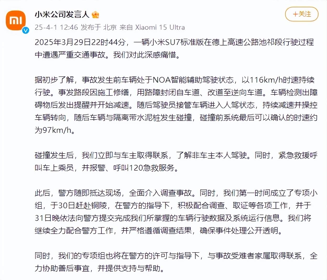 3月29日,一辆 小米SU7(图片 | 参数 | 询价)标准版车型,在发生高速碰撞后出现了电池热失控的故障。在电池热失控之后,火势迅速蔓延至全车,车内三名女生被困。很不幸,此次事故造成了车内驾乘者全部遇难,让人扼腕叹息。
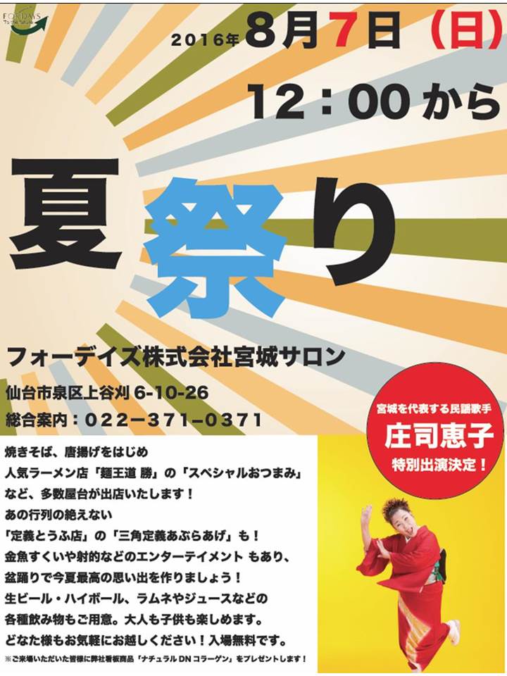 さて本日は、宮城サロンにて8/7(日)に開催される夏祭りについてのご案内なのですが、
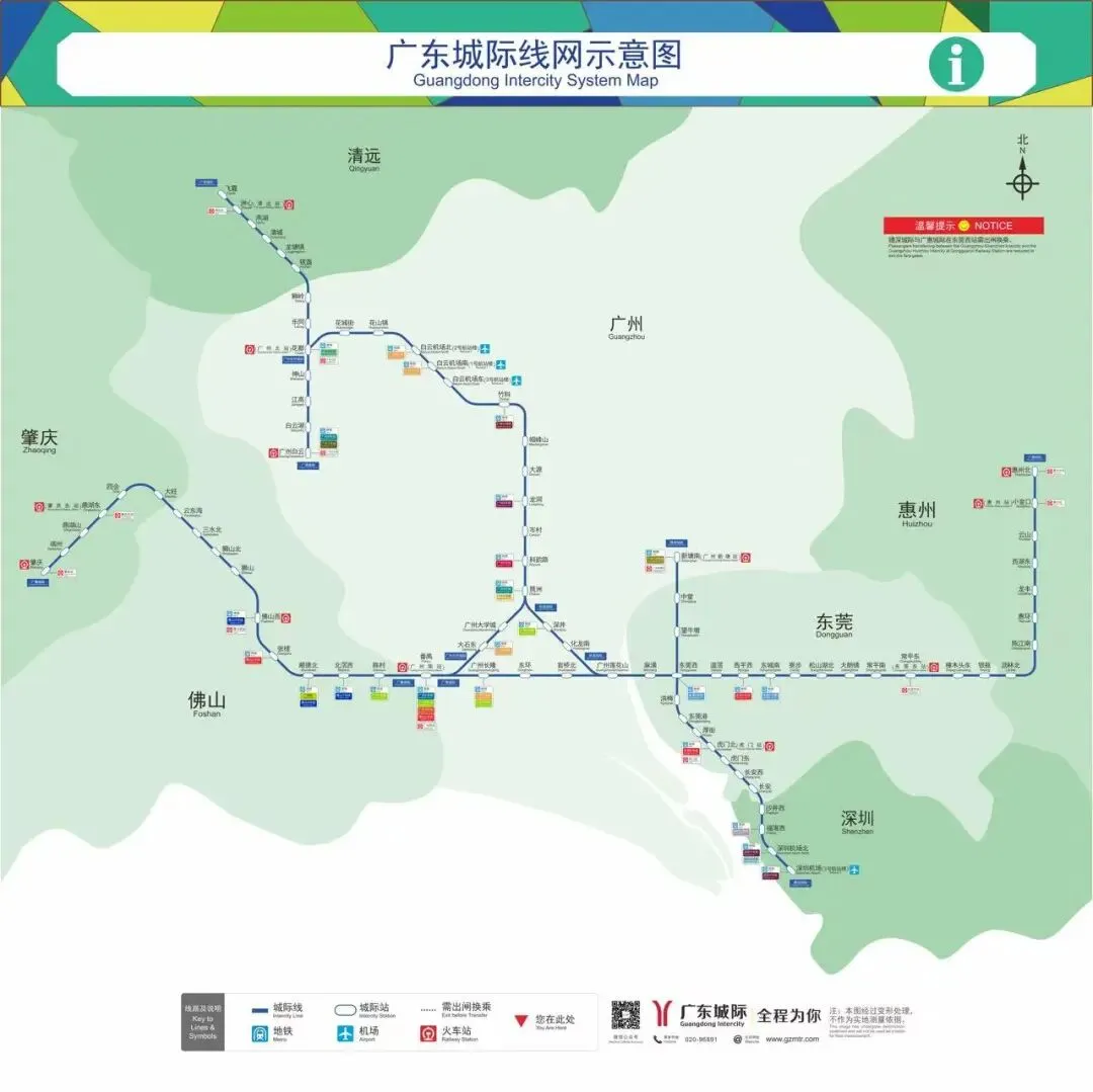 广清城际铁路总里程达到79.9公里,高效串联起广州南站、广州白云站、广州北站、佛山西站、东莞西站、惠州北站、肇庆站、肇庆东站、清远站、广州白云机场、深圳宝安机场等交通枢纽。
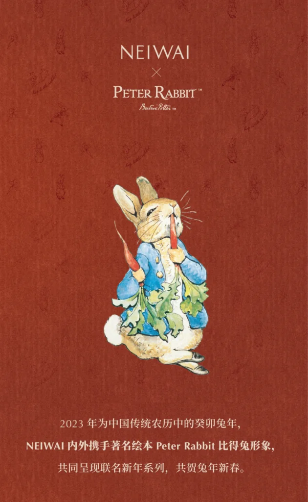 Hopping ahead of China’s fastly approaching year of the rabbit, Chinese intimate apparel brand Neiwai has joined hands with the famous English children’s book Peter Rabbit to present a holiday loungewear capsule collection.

════════════════════

- What to do -
The whole listing, pictures excluded, should be output exactly.

- Written answer -
 3月29日,一辆 小米SU7(图片 | 参数 | 询价)标准版车型,在发生高速碰撞后出现了电池热失控的故障。在电池热失控之后,火势迅速蔓延至全车,车内三名女生被困。很不幸,此次事故造成了车内驾乘者全部遇难,让人扼腕叹息。
 さて本日は、宮城サロンにて8/7(日)に開催される夏祭りについてのご案内なのですが、
 广清城际铁路总里程达到79.9公里,高效串联起广州南站、广州白云站、广州北站、佛山西站、东莞西站、惠州北站、肇庆站、肇庆东站、清远站、广州白云机场、深圳宝安机场等交通枢纽。
 Hopping ahead of China’s fastly approaching year of the rabbit, Chinese intimate apparel brand Neiwai has joined hands with the famous English children’s book Peter Rabbit to present a holiday loungewear capsule collection.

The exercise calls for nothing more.